John Stewart: "Can I have your attention, please? Someone parked their Boeing 747 on La Brea and they're being towed. Oh, for those of you who don't live in Los Angeles let me explain that La Brea is this major street that has a lot of parking restrictions. Well, except on Sunday, when the Academy Awards took place. So you just have to pretend that it's rush hour on a week day or the joke doesn't work. Well, actually, you probably can't park a jet on La Brea even on Sundays. Honestly, I have no idea. I mean, it is Hollywood, right? Everyone's insane! You can do anything here. Except smoke. You have to go to Vegas to do that. What was I talking about? Oh, yeah, my big joke about Tim Gunn parking his Boeing 747 on La Brea. Wait, that's not the best part. Ready for the punchline? OK, here it is: Don't worry . . . it's a hybrid!"
[sound of crickets]
John Stewart: "Really? Not even a courtesy laugh? Tough crowd."

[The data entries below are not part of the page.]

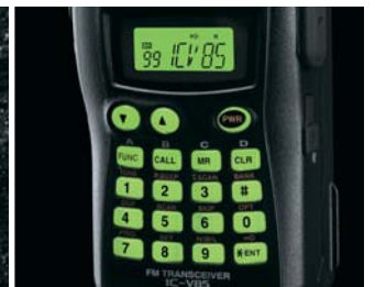
Backlit LCD and keypad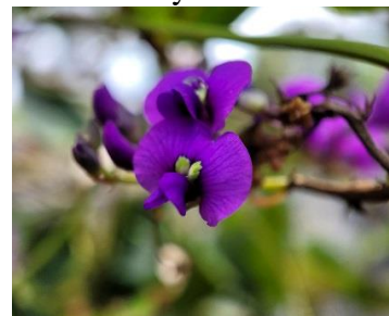
Hardebergia violacea Happy Wanderer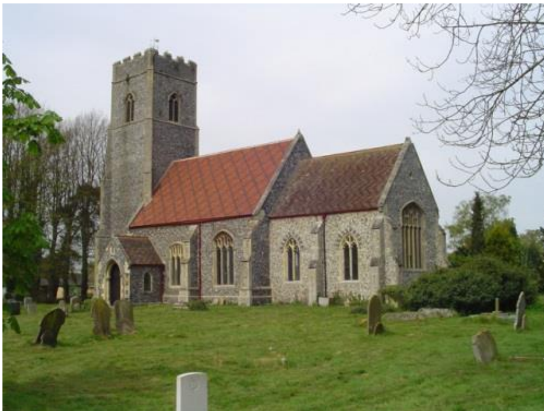
St. Bartholomew Churchyard, Ingham, Surrey

St. Bartholomew Churchyard, Ingham contains 10 War Graves, all but one being World War 1 graves. There are 2 Australian Soldiers buried in this Churchyard.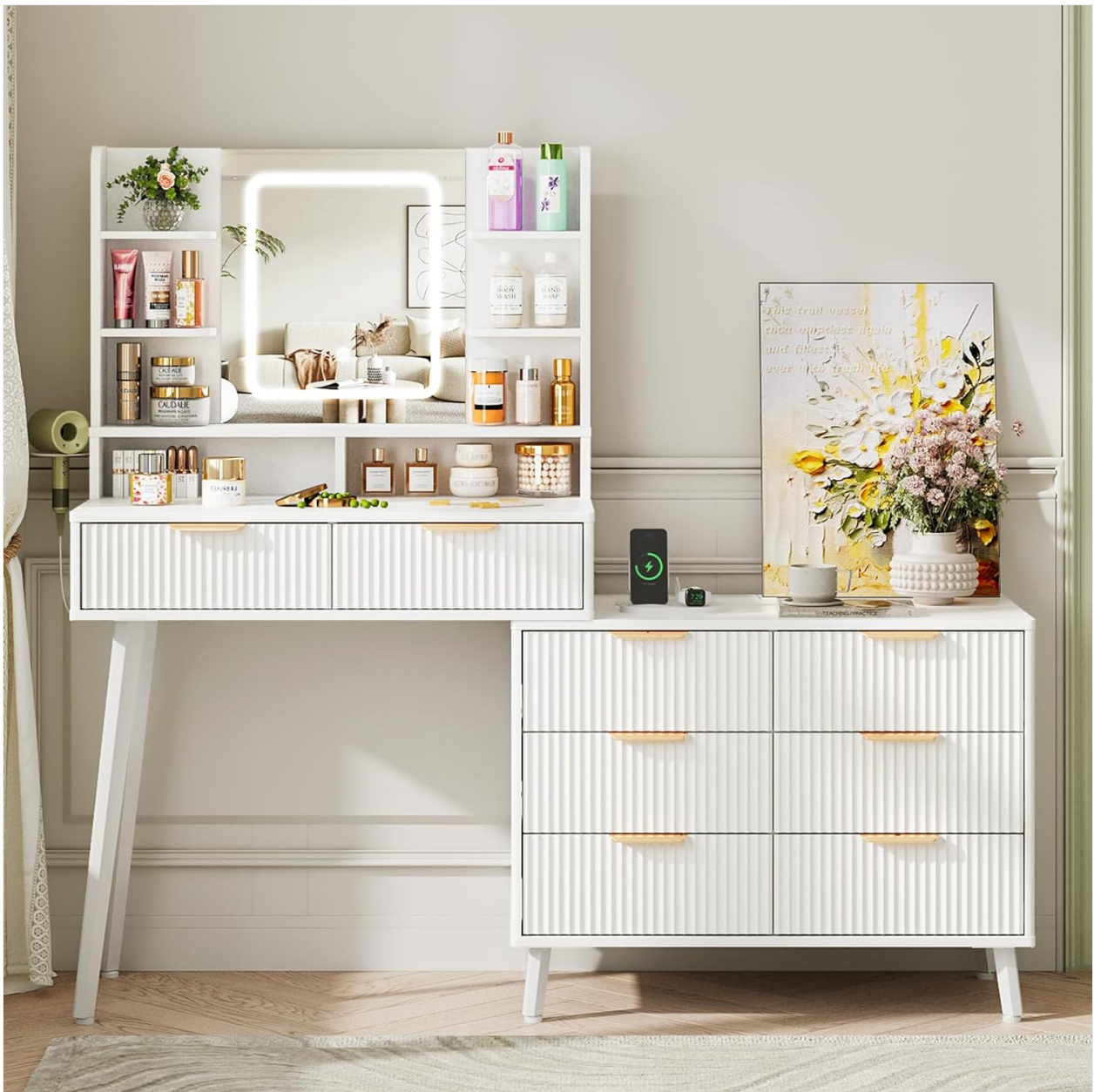
Image: The Maupvit Vanity Desk in a bedroom setting, showcasing its mirror with LED lights, multiple drawers, and open shelves for storage.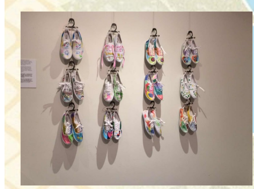
In Their Shoes Exhibition

Tim: "Oh, for heaven's sake. I don't have my own jet. I get to Los Angeles just like everyone else. By private yacht through the Panama Canal."
Anyway, Tim visits Rami in Los Angeles.
Rami's mother was Miss Jordan but she died when he was five. I have nothing funny to say about that.
Then, when he was a little older, his brother walked in on him and caught him doing something embarrassing!
Rami: "Oh, get your mind out of the gutter. I was just sewing up a little outfit."
That's much worse.
Rami takes Tim to his studio in Silver Lake:
Tim: "Rami, I'd just like to thank you for not taking me to the goddamn beach."
Rami's collection is inspired by Joan of Arc (hmm, that sounds familiar), based on armor and puffy sleeves:
Other Eric: "It looks like if Jillian and Christian had a baby."
Tim then goes all the way back to New York to visit Chris:
Tim: "That makes it sound so inconvenient. I had to come back to New York, anyway. Sheesh."
Chris is using really weird material for his collection:
Chris: "I like to take human skin and sew it up into clothing so I can wear it."
Tim: "I think I'm gonna barf."
Chris takes Tim over to his friend Larry's installation/apartment:
Tim: "You know how monkey's like to throw poo all over the place? For some reason that's what I think of when I see this apartment."
Chris and Rami have a design-off. Jillian helps Rami and Christian helps Chris.
Rami's mini-collection: A nice two-tone dress, a dramatic black evening gown, and a puffy blue jacket. I actually liked all three looks. The judges didn't like the jacket but I thought it was OK.
Chris's mini-collection: A cool black suit with a jacket made from human hair and a skirt made of safety pins, a black velvet evening gown with a woven panel down the middle, and hairy skirt with a cream blouse. The suit is really nice, the dress is totally boring even though I'm sure the woven part is cool, and the skirt and blouse combo is completely forgettable (I had to have other Eric remind what the third look was).
The judges spend a few minutes throwing poo and then they announce their decision: Rami is in!
Chris is eaten by a polar bear:
Nina: "That's so weird. How did a polar bear get into Parsons?"
Tim: "It had an impressive portfolio."